*Task description*.
Every entry must be repeated exactly. Exclude all pictures.

*Data items*.
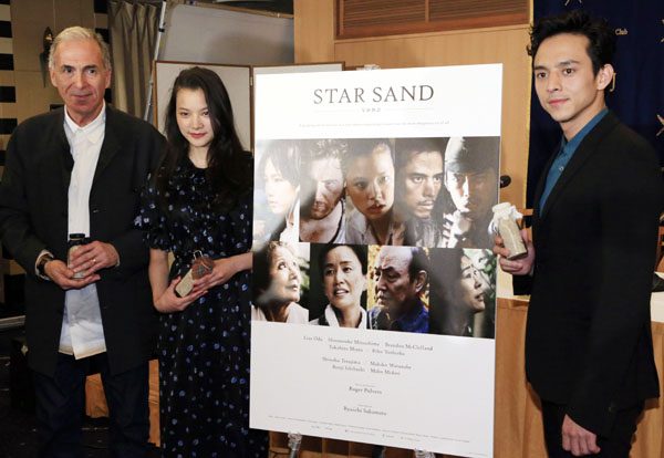 左からロジャー・バース監督、織田梨沙、満島真之介(C)日刊ゲンダイ
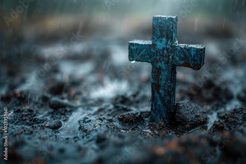 Cross of Salvation on Earth: Christian Concept in Toned 3D Rendering
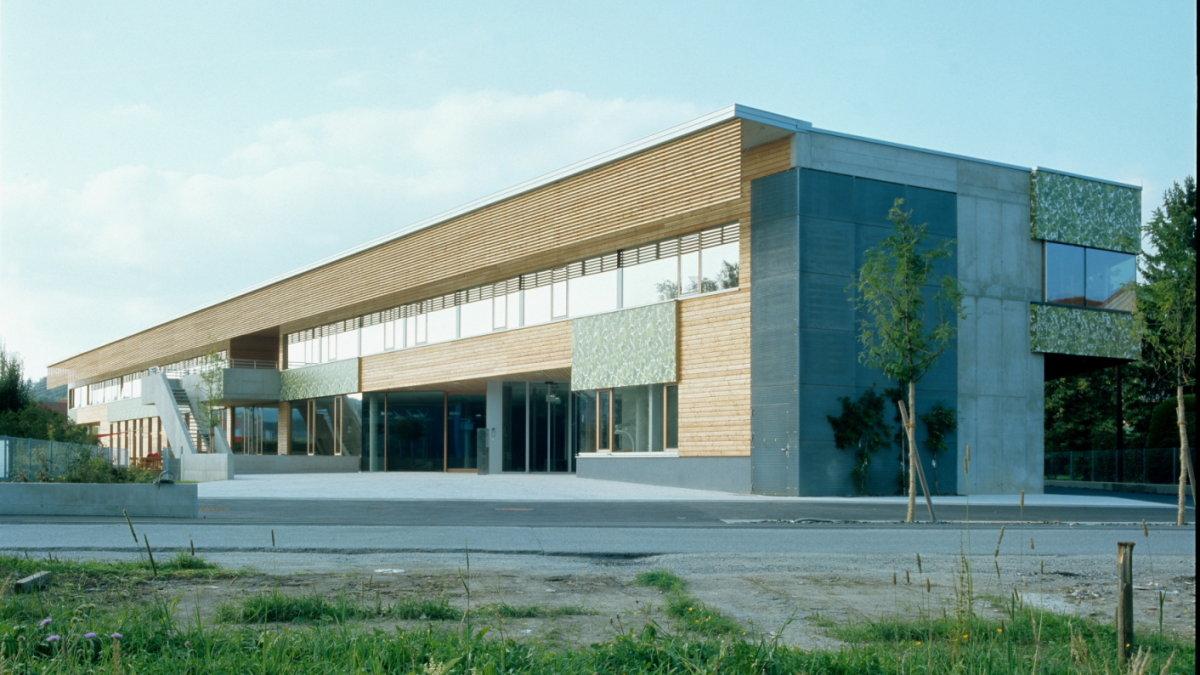 Die Eltern der Kinder hält es, so wie die Angehörigen der Pflegepatienten, aus mehreren Gründen auf dem Gelände. So gibt es hier auch einen Zahnarzt, eine Kinderärztin und einen Friseur. Es herrscht also reges, dörfliches Treiben rund um das „Haus der Generationen“. Auch die Architektur entspricht diesem Anspruch auf Durchmischung: Die Raumfolgen sind fließend und transparent zu den öffentlichen Bereichen hin geöffnet. Der Nutzung entspricht auch die Materialwahl: Holz schafft in den Außenbereichen Behaglichkeit und die mit Blättern bedruckten Fassadenplatten greifen den Baumbestand der Umgebung auf.
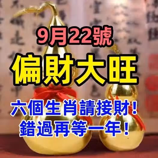 9月22號偏財大旺,六個生肖請接財!錯過再等一年 !
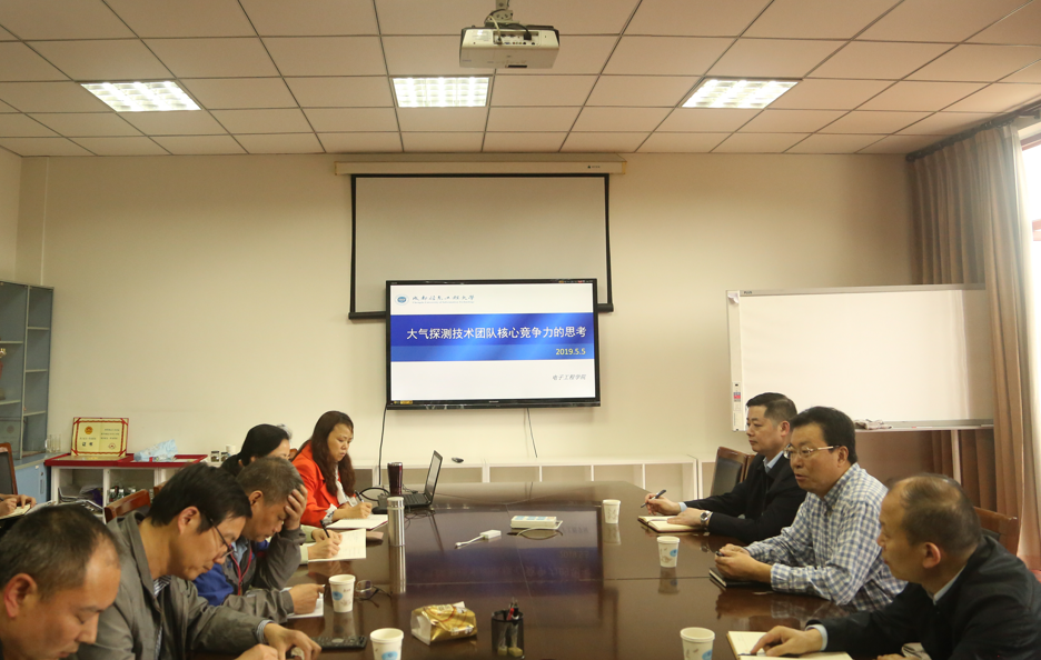 电子工程学院院长杨玲以“大气探测技术团队核心竞争力的思考”为主题,详细汇报了学院现有基础和成效、发展目标和思路、策略与途径、研究方向等情况。参会代表就平台建设、科研水平、教师水平提升和人才引进等方面内容展开讨论。
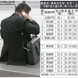 睡眠剤・精神安定剤の処方量の全国平均は、1人当たり年間28.1錠です。

*Your solution*.
 左からロジャー・バース監督、織田梨沙、満島真之介(C)日刊ゲンダイ
 Cross of Salvation on Earth: Christian Concept in Toned 3D Rendering
 Die Eltern der Kinder hält es, so wie die Angehörigen der Pflegepatienten, aus mehreren Gründen auf dem Gelände. So gibt es hier auch einen Zahnarzt, eine Kinderärztin und einen Friseur. Es herrscht also reges, dörfliches Treiben rund um das „Haus der Generationen“. Auch die Architektur entspricht diesem Anspruch auf Durchmischung: Die Raumfolgen sind fließend und transparent zu den öffentlichen Bereichen hin geöffnet. Der Nutzung entspricht auch die Materialwahl: Holz schafft in den Außenbereichen Behaglichkeit und die mit Blättern bedruckten Fassadenplatten greifen den Baumbestand der Umgebung auf.
 9月22號偏財大旺,六個生肖請接財!錯過再等一年 !
 电子工程学院院长杨玲以“大气探测技术团队核心竞争力的思考”为主题,详细汇报了学院现有基础和成效、发展目标和思路、策略与途径、研究方向等情况。参会代表就平台建设、科研水平、教师水平提升和人才引进等方面内容展开讨论。
 睡眠剤・精神安定剤の処方量の全国平均は、1人当たり年間28.1錠です。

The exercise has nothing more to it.